- Aim of the task: Reproduce the listing below exactly, beginning with its first line and ending with the line that holds "Range: Standard Melee"; pictures are not part of the copy.

- Given information:
--*--
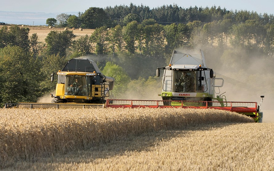 Combine harvesters with yield mapping, rtk guidance, chaser bin and lorries.
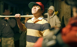 Range: Standard Melee physically, Extended Melee with his bat
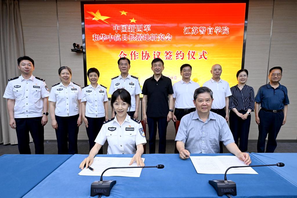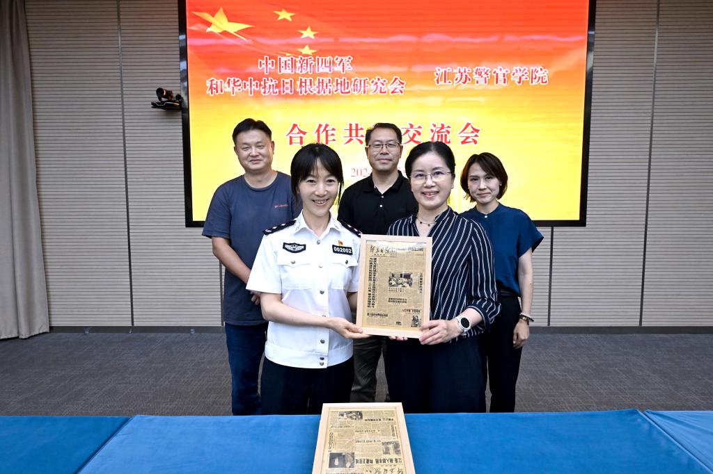 7月9日,学院与中国新四军和华中抗日根据地研究会开展共建交流活动并签订合作协议。中国新四军和华中抗日根据地研究会会长、江苏省军区原司令员于中海率研究会驻会领导和专家一行到学院座谈交流。研究会咨询组领导、山东省原副省长、省公安厅原厅长徐珠宝代表研究会向学院赠送书籍。新华日报社副总编辑、中国新四军和华中抗日根据地研究会副会长钱丽萍参加活动并向学院赠送珍贵的载有学院重要校史新闻的《新华日报》。省公安厅党委委员、学院党委书记夏存喜,学院党委副书记、院长黄进参加活动。学院党委副书记陈卫主持交流会。
--*--
- Solution to the problem:
 Combine harvesters with yield mapping, rtk guidance, chaser bin and lorries.
 Range: Standard Melee physically, Extended Melee with his bat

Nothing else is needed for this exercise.